For the love of CIMs (A question about CIMs and gearboxes)

I love the CIM motor. I really do. However, the only thing I don’t like is that you can only use 4 of them. And for the most part, most gearboxes only allow 2 inputs, still capping you out at 4 per robot.

So my questions are:

  1. Have you ever been able to use more than 4 CIMs on a robot?
  2. What are your thoughts on a custom gearbox with 3 CIM inputs, and one output?

The CIMs would be in a triangle formation around a central drive gear. This could allow for a smaller gear reduction, or a robot that is both faster, and more powerful in one.

And just for the fun of it:
3) What would a 4 CIM gearbox be like? What would the advantages be?

  1. YES. 2010 allowed 5 CIMs. Also, 2006 (and 2007?) had a motor type known as the Big CIM (bigger motor, but for the size not quite as much oomph as you might expect), of which type I remember 2 being allowed. (330 only used one big CIM–it powered our 2006 shooter wheel.)
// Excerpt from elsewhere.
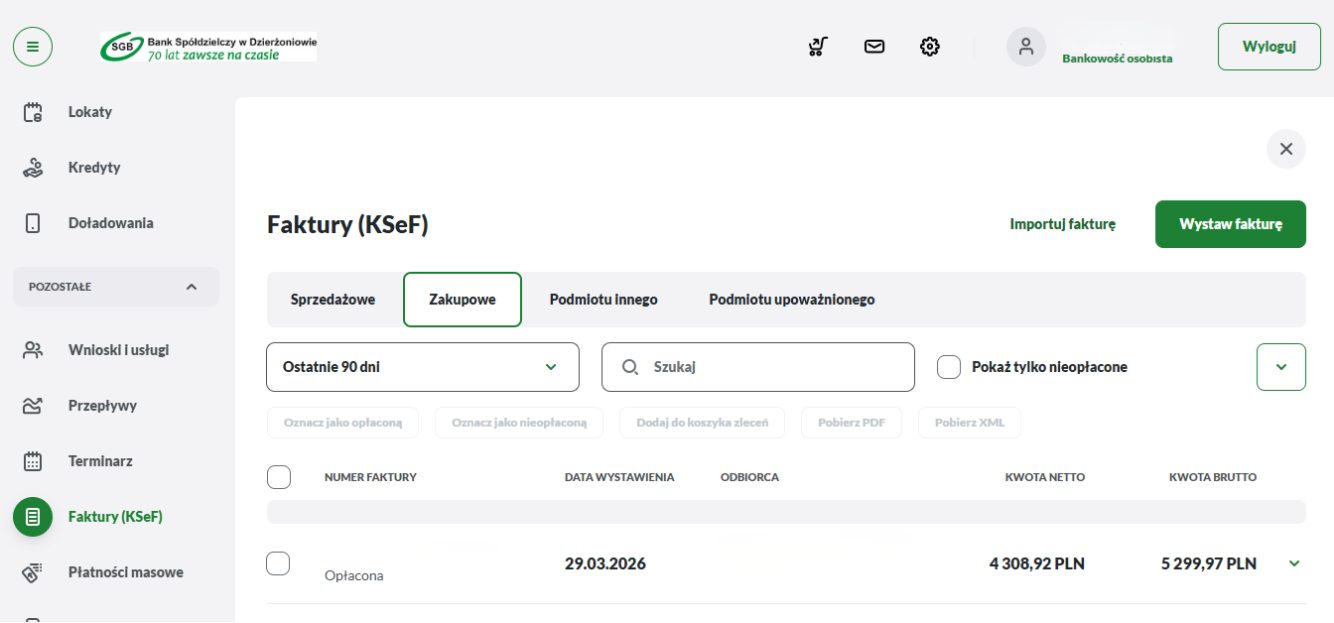 E-Faktura to nowa funkcjonalność umożliwiająca klientom w bankowości internetowej SGB24/SGB24 Biznes pełną obsługę faktur elektronicznych w zakresie:

  2. Eh. More isn’t always better. OTOH…

118’s V6 drivetrain. Now THAT was a DRIVETRAIN! 4 CIMs + 2 FPs. One gearbox. Power to all 4 wheels, which were in a coaxial swerve configuration. Not sure what year… I want to say 2007. Not sure how they powered their turreting arm… But it was quite a feat of engineering.

While it unlikely that we will be able to use 6 cims next year consider this, a 6 motor drive train with 4 cims and 2 banebots(775’s or 550’s). 973 used them(3 in each gearbox) until the 775’s started shorting out. There are quite a few teams that have used 6 motors in drive. 8 motor might require another stage of gearing.

148 has done this(6 motors in 1 gearbox).

They were legal in 2007–1618 used them in their drivetrain to free up a small CIM for the (horribly-overpowered-like-some-yutz-in-the-marketing-program-specced-it) arm. They were powerful and torquier than the small CIMs, but still had less available power. That was your six-CIM year (technically, anyway).

Six-motor drive seems to be most popular when one of the smaller kit motors is made to act like a CIM. The overwhelming majority of teams that go this route seem to use the AndyMark AM Planetary, which takes a high-RPM motor like the Fisher-Price motor (originally) and gives you a speed and mounting interface that’s close enough to the CIM that it’ll work for our purposes. (Each motor has its spot on the curve where it’s most beneficial, but all the motors will contribute one way or the other.) Indeed, that’s what 148 did in 2008 to put the Fisher-Price motors in with their CIMS.

I don’t have a picture, but what 2815 and 1398 did in 2010 with their six-motor drive (two CIMs and a planetaried F-P per side, shifted) was add another idler gear in between one of the CIMs and the F-P. You could plausibly squeeze all three together with a large enough input gear (and planning the rest of your drive system accordingly), but we went this route to make room for the shifter hardware. Even single-speed, I think we would’ve gone this route for packaging reasons–our robot that year was designed to go through tunnels on the field.

  1. In 2010 we were allowed to use a 5th CIM motor. This was because of some other motor changes that year. Many teams used the 5th CIM for a hanging mechanism or kicking mechanism. Otherwise, 4 CIM motors have been a staple of the KOP since 2005. (Excluding the ‘big’ CIMs of 2005-2007)

  2. A gearbox that accepts three CIM motors as inputs isn’t all that uncommon. Many teams will design a gearbox to accept 3 CIM motors then run an FP, 550 or 775 through an AM planetary, Cimulator or CIMsim transmission to make it’s output interface like a CIM motor.

From what I’ve seen, adding a 5th and 6th motor to the drive will help with acceleration and allow you to gear for a higher top speed with a single speed drive train. You’re pushing power will still be limited by the CoF of your Drive train, but it’s ability to accelerate more quickly and sustain a higher top speed may be advantageous in some games.

  1. I believe others before me have posted some of the coaxial swerve boxes that used 4 CIM’s in a single box. There are a few advantages to this, but many of them have to do with the packaging of a coaxial swerve or similar Drive train.

Gearboxes with 4 to 6 motors really only seem useful for swerve drives, or at least that’s what it sounds like to me. I was wondering though, has anyone in FIRST ever built an adder-subtractor drive like tanks use? This would also have the potential to use many otors in one gearbox. I’m honestly not sure if it would have many benefits, but it would be a cool challenge.

Eventually having so many motors in the Gearboxes will cause a high enough voltage drop on the battery that performance will suffer. Unless your manipulator is Intermittently operating or doesn’t use much current adding more motors to the drive-train may hurt performance, especially if you get to the point where the 120 Amp breaker is in danger.